▸ **ACTIVITY**: With the exception of the pictures, write out the data below precisely.

▸ **AVAILABLE DATA**:
== Segment start ==

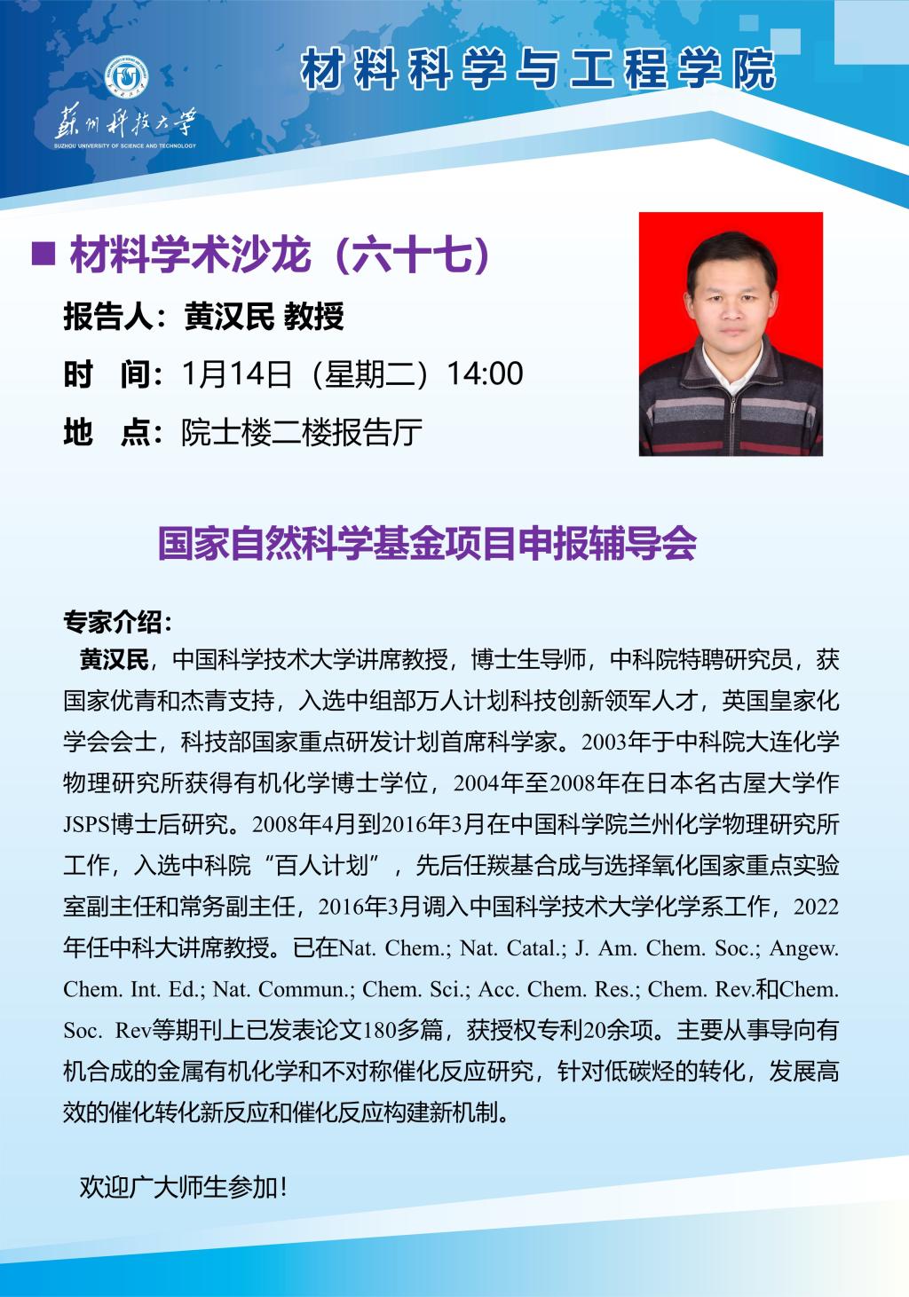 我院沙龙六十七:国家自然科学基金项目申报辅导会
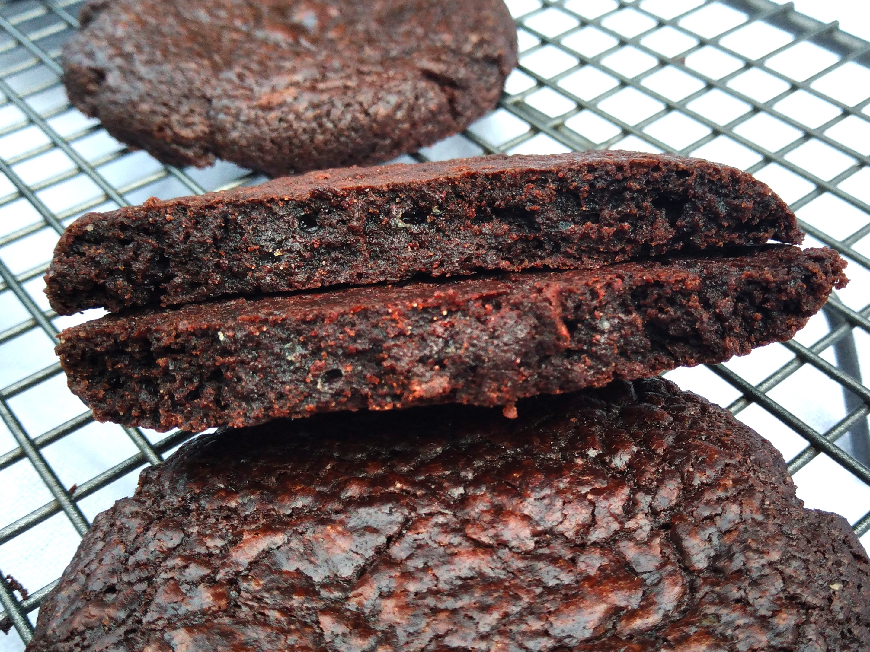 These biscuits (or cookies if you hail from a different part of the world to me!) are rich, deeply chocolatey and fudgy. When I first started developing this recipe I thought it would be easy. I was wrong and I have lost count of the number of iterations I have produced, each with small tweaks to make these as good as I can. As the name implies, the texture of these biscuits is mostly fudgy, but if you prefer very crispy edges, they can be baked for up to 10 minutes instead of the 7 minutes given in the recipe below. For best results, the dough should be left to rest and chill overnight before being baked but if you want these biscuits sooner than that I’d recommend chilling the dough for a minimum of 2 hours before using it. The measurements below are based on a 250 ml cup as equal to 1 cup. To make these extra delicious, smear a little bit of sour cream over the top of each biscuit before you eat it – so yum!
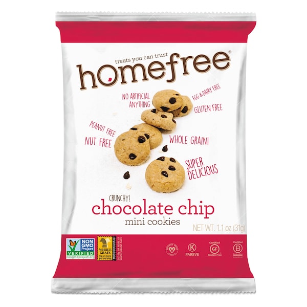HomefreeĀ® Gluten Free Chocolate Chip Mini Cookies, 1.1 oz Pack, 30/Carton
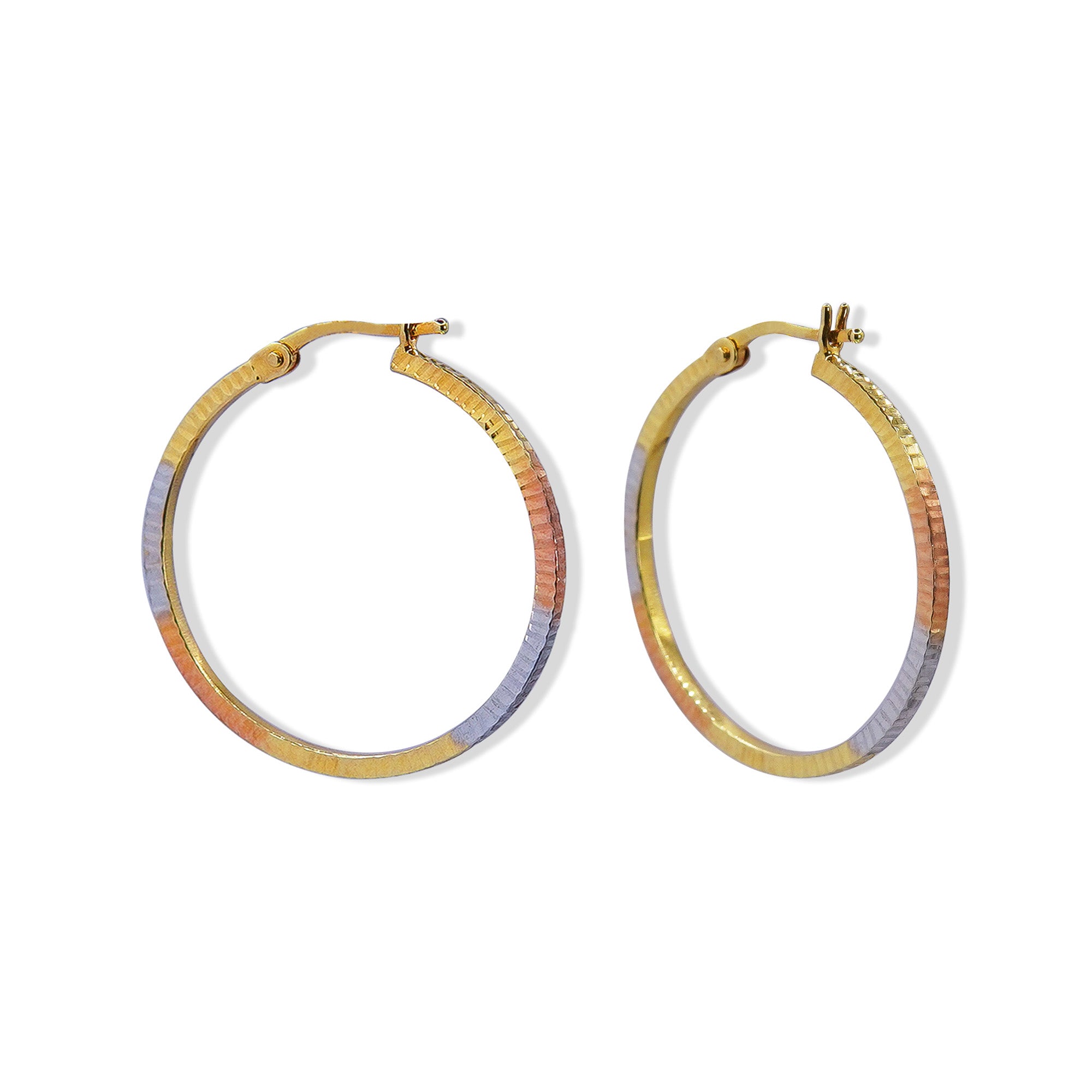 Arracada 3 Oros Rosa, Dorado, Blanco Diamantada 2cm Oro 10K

== Segment end ==

▸ **RESPONSE**:
 我院沙龙六十七:国家自然科学基金项目申报辅导会
 These biscuits (or cookies if you hail from a different part of the world to me!) are rich, deeply chocolatey and fudgy. When I first started developing this recipe I thought it would be easy. I was wrong and I have lost count of the number of iterations I have produced, each with small tweaks to make these as good as I can. As the name implies, the texture of these biscuits is mostly fudgy, but if you prefer very crispy edges, they can be baked for up to 10 minutes instead of the 7 minutes given in the recipe below. For best results, the dough should be left to rest and chill overnight before being baked but if you want these biscuits sooner than that I’d recommend chilling the dough for a minimum of 2 hours before using it. The measurements below are based on a 250 ml cup as equal to 1 cup. To make these extra delicious, smear a little bit of sour cream over the top of each biscuit before you eat it – so yum!
HomefreeĀ® Gluten Free Chocolate Chip Mini Cookies, 1.1 oz Pack, 30/Carton
 Arracada 3 Oros Rosa, Dorado, Blanco Diamantada 2cm Oro 10K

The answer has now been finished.